Agnieszka Dziemianowicz-Bąk, ministra rodziny, pracy i polityki społecznej: Zgodnie z obwieszczeniem Państwowej Komisji Wyborczej – Karol Nawrocki.

Pytam, bo premier Donald Tusk zasiał w tej kwestii niepewność. Mówił o „wątpliwościach” i o tym, że „obywatele mają prawo wiedzieć, jak naprawdę wygląda wynik wyborów”.

Oczywiście, że obywatele mają prawo wiedzieć, jak wygląda wynik wyborów. To podstawa demokracji. Jeśli pojawiają się protesty wyborcze, obowiązkiem sędziów jest je rozpatrzyć. Jeśli pojawiają się podejrzenia nadużyć – obowiązkiem prokuratury jest je zbadać. I nie ma to nic wspólnego z kwestionowaniem wyniku wyborów. Każdy obywatel i każda obywatelka zasługują na pewność, że głosowanie zostało przeprowadzone w sposób właściwy i w pełni zgodny z prawem. A wynik – niezależnie od tego, jaki jest – winien zostać uszanowany przez wszystkie strony sporu politycznego.

Roman Giertych – od niedawna członek Platformy – grzmi o fałszerstwach i snuje wizję powtórzenia wyborów. Jak przymykać na to oko, skoro to pani koalicjant?

Większość sejmowa liczy kilkaset posłanek i posłów. Trudno, żebyśmy jako rząd odpowiadali za wszystkie emocje, które się pojawiają w ich głowach. Uważam, że naszą rolą powinno być studzenie emocji, a rolą sądu czy prokuratury – wyjaśnienie wszelkich nieprawidłowości wokół głosowania.

Mam wrażenie, że trochę pani kluczy.

Nie. Po prostu nie śledzę każdej wypowiedzi posła Romana Giertycha i nie przywiązuję do nich nadmiernej wagi. Moim zdaniem nie ma dziś podstaw, aby pojawiające się błędy z góry nazywać fałszerstwami. Jednocześnie uważam, że wszystkie wątpliwości należy skrupulatnie rozwiać. Tylko tyle i aż tyle. Chciałabym, aby każdy polityk, bez względu na przynależność partyjną, pamiętał, jak buduje się zaufanie do państwa i prawa. A robi się to, dbając o przejrzystość i rzetelność procedur, a także szanując rezultat ich działania.

Pomówmy zatem o rządzie. Na ile – w skali od 0 do 10 – oceniłaby pani współpracę pomiędzy koalicjantami?

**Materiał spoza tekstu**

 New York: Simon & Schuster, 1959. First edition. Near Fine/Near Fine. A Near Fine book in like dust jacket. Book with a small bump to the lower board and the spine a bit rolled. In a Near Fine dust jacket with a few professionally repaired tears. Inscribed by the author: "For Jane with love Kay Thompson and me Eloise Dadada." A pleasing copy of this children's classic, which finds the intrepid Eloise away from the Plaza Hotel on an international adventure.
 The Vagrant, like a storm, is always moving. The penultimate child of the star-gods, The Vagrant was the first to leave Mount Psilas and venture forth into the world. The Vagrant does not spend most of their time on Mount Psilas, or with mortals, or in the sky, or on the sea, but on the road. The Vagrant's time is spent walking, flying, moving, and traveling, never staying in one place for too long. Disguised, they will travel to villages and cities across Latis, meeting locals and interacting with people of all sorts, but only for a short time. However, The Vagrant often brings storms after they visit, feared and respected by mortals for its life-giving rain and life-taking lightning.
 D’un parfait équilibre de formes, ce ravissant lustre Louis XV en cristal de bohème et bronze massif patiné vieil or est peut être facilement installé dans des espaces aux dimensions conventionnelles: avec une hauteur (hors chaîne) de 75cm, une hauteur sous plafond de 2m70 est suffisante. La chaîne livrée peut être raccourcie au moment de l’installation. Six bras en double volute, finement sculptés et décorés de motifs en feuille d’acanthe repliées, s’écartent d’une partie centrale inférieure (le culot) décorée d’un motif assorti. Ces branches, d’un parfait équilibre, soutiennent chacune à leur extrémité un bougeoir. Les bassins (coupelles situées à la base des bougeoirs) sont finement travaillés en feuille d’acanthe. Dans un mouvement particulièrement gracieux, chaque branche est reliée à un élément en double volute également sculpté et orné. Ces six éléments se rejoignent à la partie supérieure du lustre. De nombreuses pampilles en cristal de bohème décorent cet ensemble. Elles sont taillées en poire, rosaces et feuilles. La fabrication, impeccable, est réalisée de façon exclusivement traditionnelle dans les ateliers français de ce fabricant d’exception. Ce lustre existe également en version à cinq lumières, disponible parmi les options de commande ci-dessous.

Staram się oceniać rzeczy w polityce jakościowo, nie ilościowo. Współpraca przynosi efekty w postaci konkretnych ustaw i programów. Na przykład: za kilka dni ruszają wypłaty renty wdowiej. W ostatni poniedziałek liczba wniosków o to świadczenie przekroczyła milion. To ważny program dla seniorów i seniorek, które po stracie małżonka mierzą się z trudnościami finansowymi. Dodatkowe pieniądze, kilkaset złotych miesięcznie, pozwolą im trochę odetchnąć. Ta ustawa to jeden z przykładów działań, które nie byłyby możliwe, gdyby partie koalicyjne nie umiały ze sobą współpracować. Dlatego wolę rozmawiać o efektach.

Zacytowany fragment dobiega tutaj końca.